## Records provided
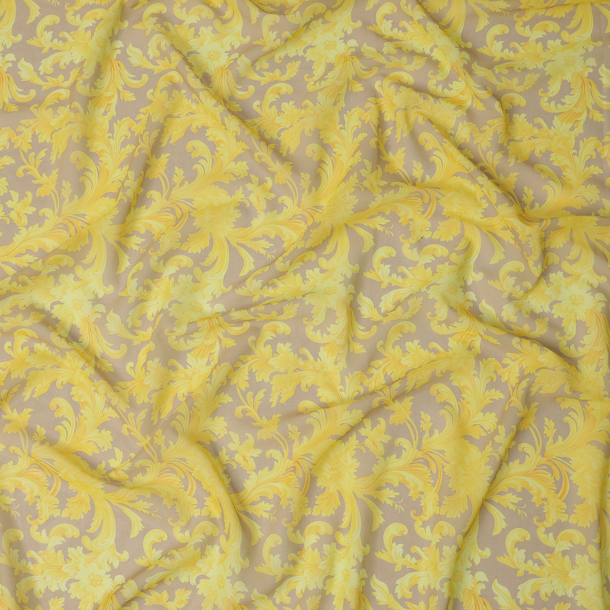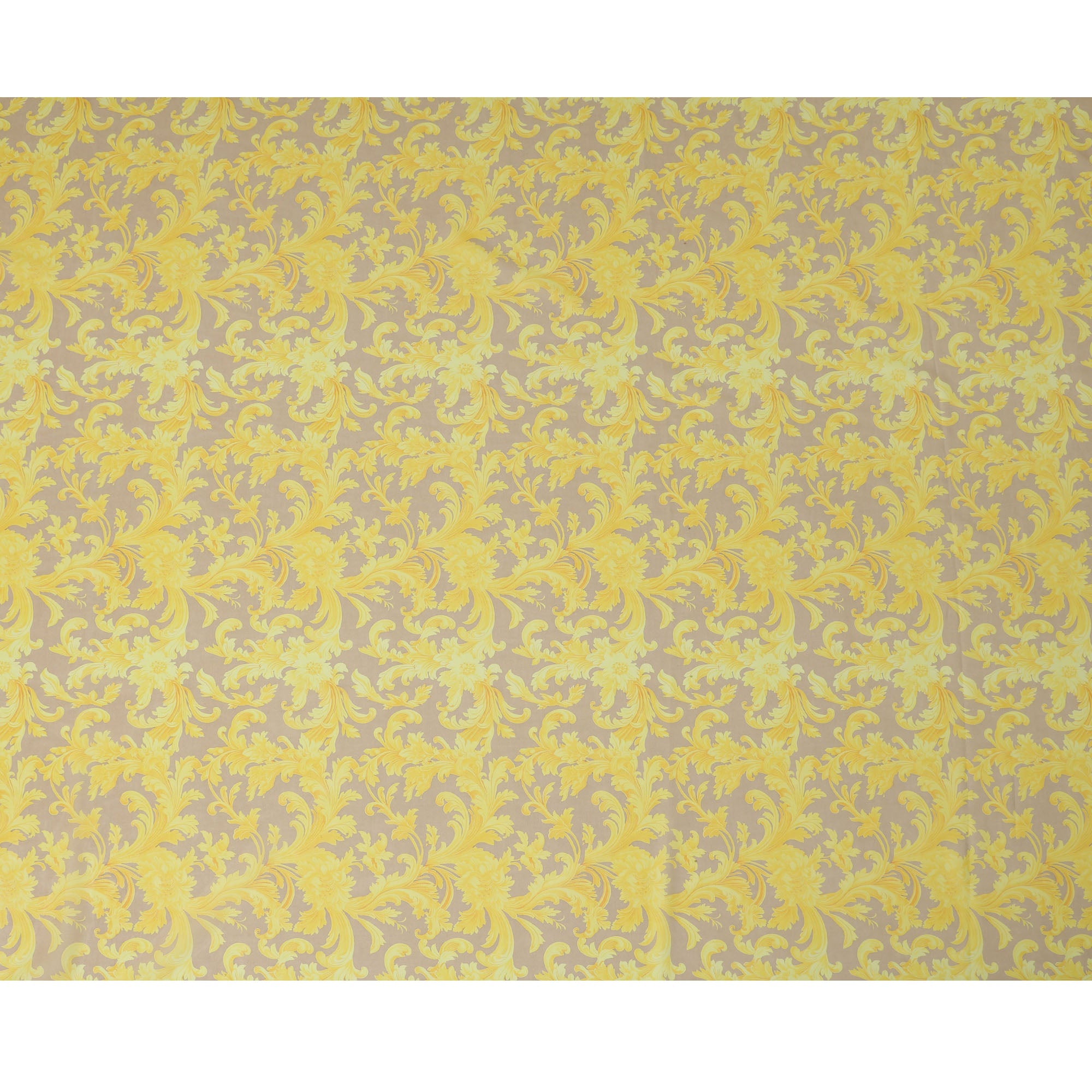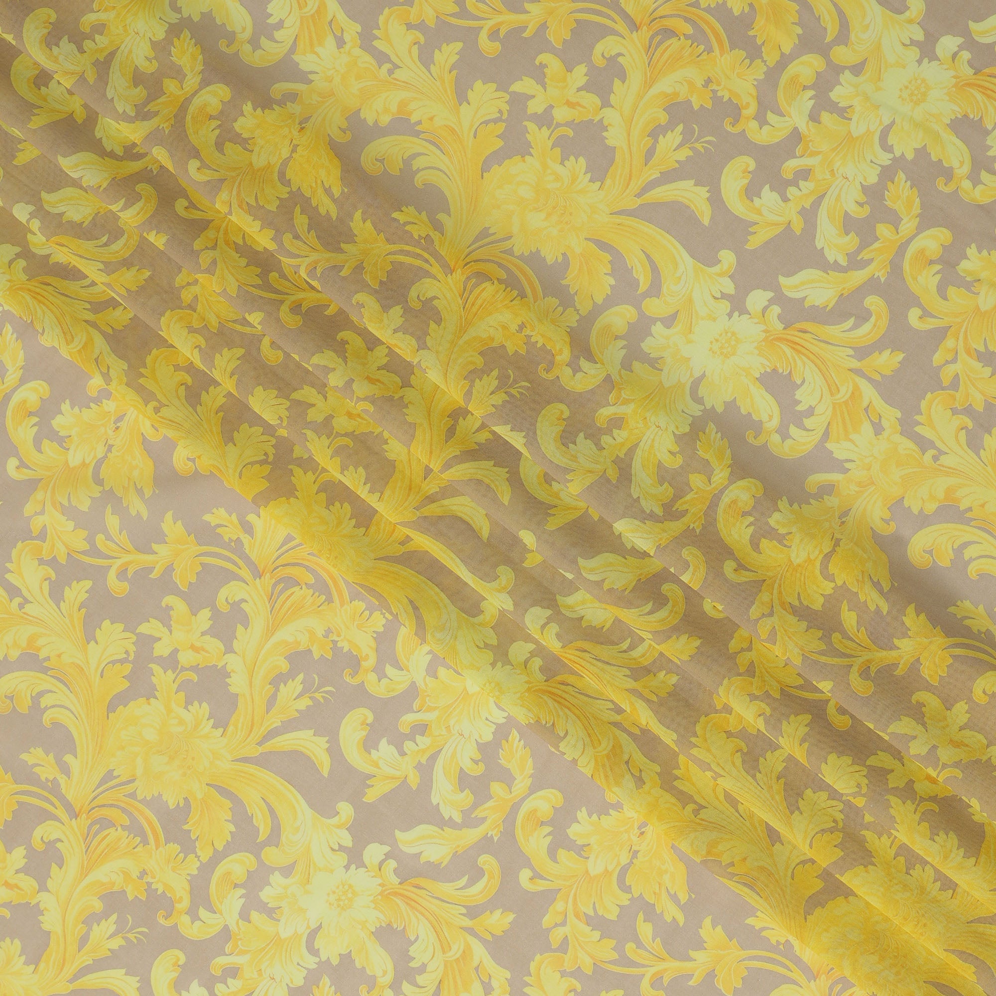 Beige base with vivid yellow baroque floral motifs for a regal look.
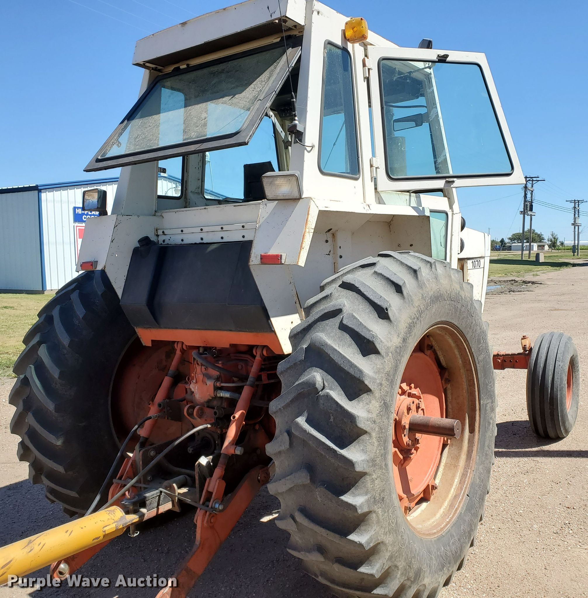 Case 1070 tractor. 1,807 hours on meter. Engine Displacement: 7.4L, Cylinders: 6, Fuel type: Diesel. Transmission Partial powershift, 12F - 4R. Operators station Heat. Operational PTO: 540, Three point, Hydraulic remote sets Rear: 2. Tires Front: 11.00-16, Rear: 480/80R38, Wheel weights: 2. 4680 Hwy 40. Grainfield, KS 67737
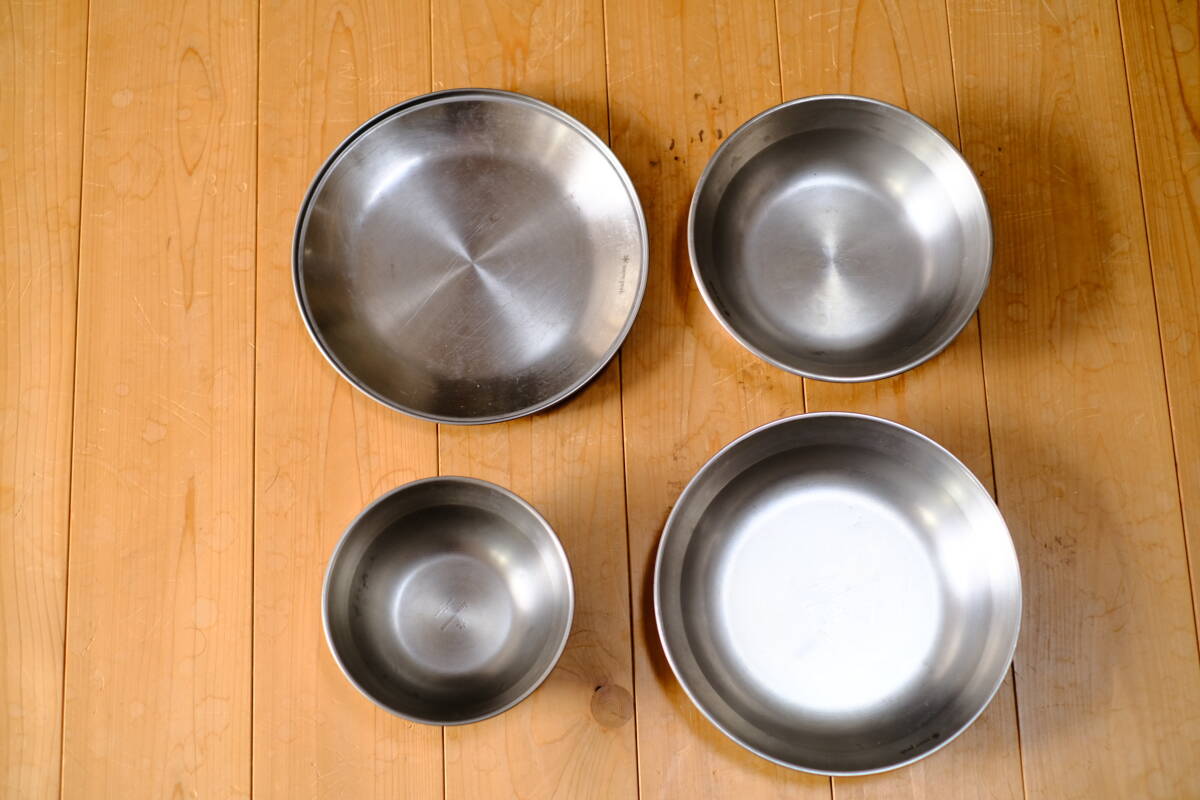 スノーピークのステンレスの皿4枚セットです。 薄く軽量なステンレス製のテーブルウェアディッシュ。 重ねてもかさばらずに収納や持ち運びができます 箱はありません。 緩衝材等での梱包になります。 キャンプで何度か使用し自宅保管しておりました。 細かな傷や使用感はありますが、歪み等なくまだまだ使って頂けます。
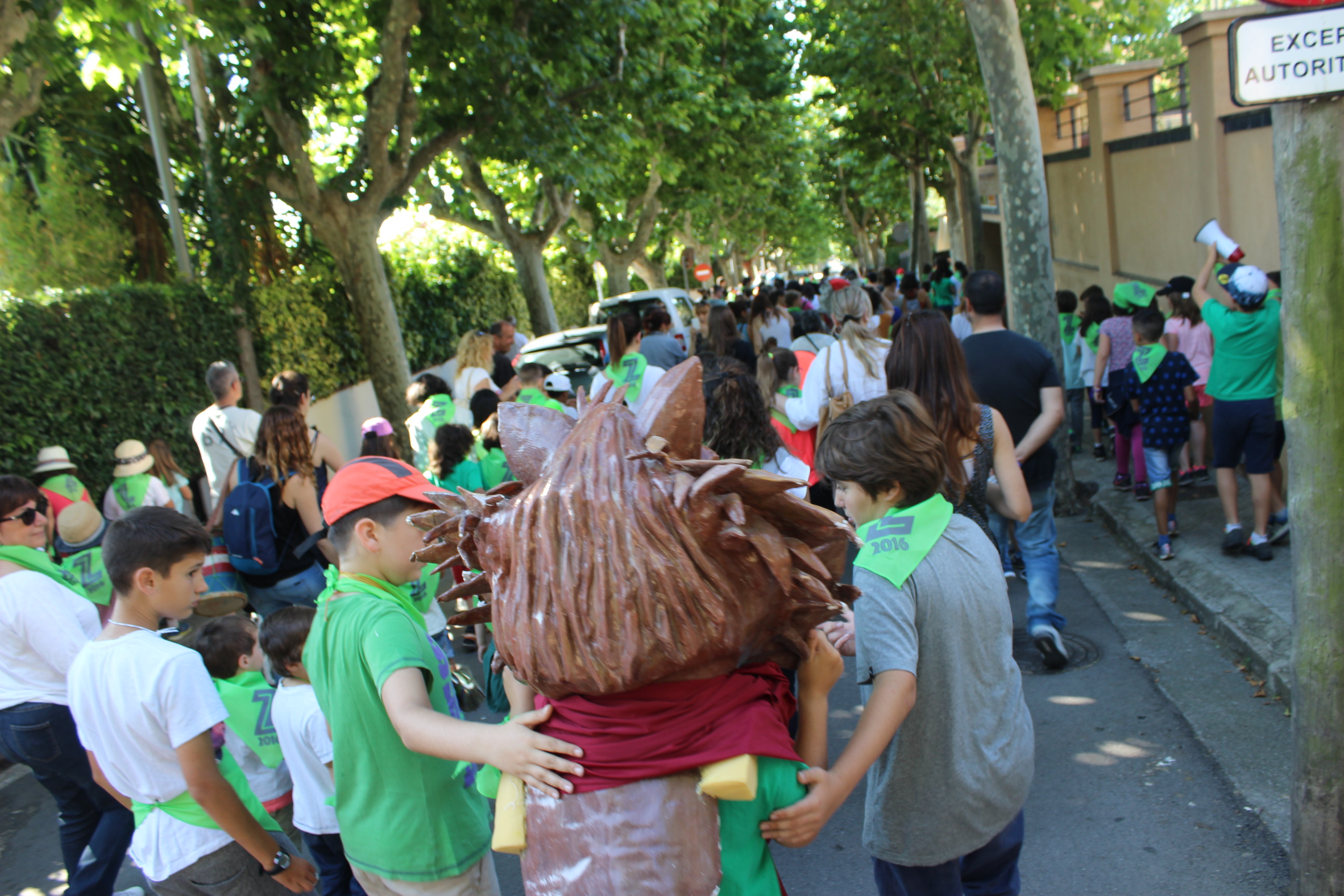 Durant la cercavila, han comptat amb la companyia dels Tabalers de Tiana que han estat qui ha portat el ritme, amb la companyia de xiulets i petits timbals dels alumnes. A més, els escolars portaven un mocador verd en representació de l’escola que canvia el seu disseny cada any, i han lluït el bestiari de l’escola com capgrossos. La cercavila ha finalitzat de nou al seu punt de partida.
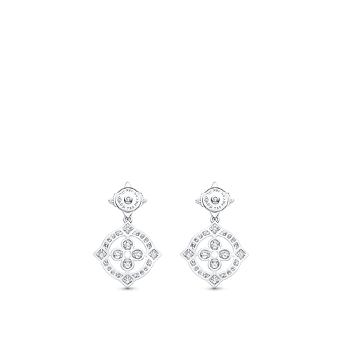 Estes brincos da Coleção Dentelle são moldados em ouro branco 18 quilates, cravejados à mão com diamantes preciosos. Os motivos de flores do Monograma, criados em 1896 por Georges-Louis Vuitton, combinam-se em um design vazado gracioso, semelhante à renda, que se traduzem em peças exclusivas com uma atitude moderna. Com cada movimento, as joias brilham ainda mais.
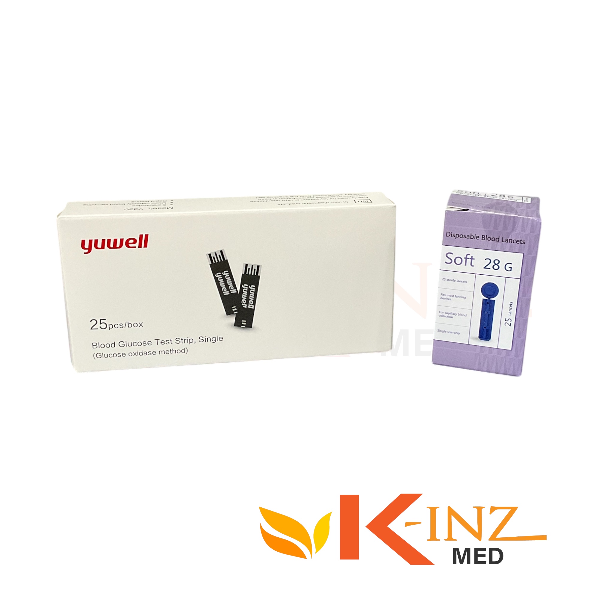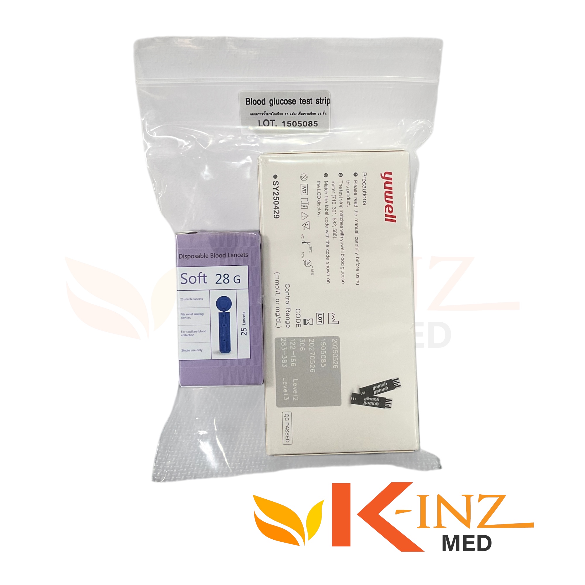 ชุดแผ่นตรวจพร้อมเข็มเจาะเลือด YUWELL จำนวน 25 ชุด

## Activity
Starting with the first line of the material, print each line exactly until you have printed the line with "薄く軽量なステンレス製のテーブルウェアディッシュ。 重ねてもかさばらずに収納や持ち運びができます 箱はありません。", and skip the pictures.

## Exercise result
 Beige base with vivid yellow baroque floral motifs for a regal look.
 Case 1070 tractor. 1,807 hours on meter. Engine Displacement: 7.4L, Cylinders: 6, Fuel type: Diesel. Transmission Partial powershift, 12F - 4R. Operators station Heat. Operational PTO: 540, Three point, Hydraulic remote sets Rear: 2. Tires Front: 11.00-16, Rear: 480/80R38, Wheel weights: 2. 4680 Hwy 40. Grainfield, KS 67737
 スノーピークのステンレスの皿4枚セットです。 薄く軽量なステンレス製のテーブルウェアディッシュ。 重ねてもかさばらずに収納や持ち運びができます 箱はありません。 緩衝材等での梱包になります。 キャンプで何度か使用し自宅保管しておりました。 細かな傷や使用感はありますが、歪み等なくまだまだ使って頂けます。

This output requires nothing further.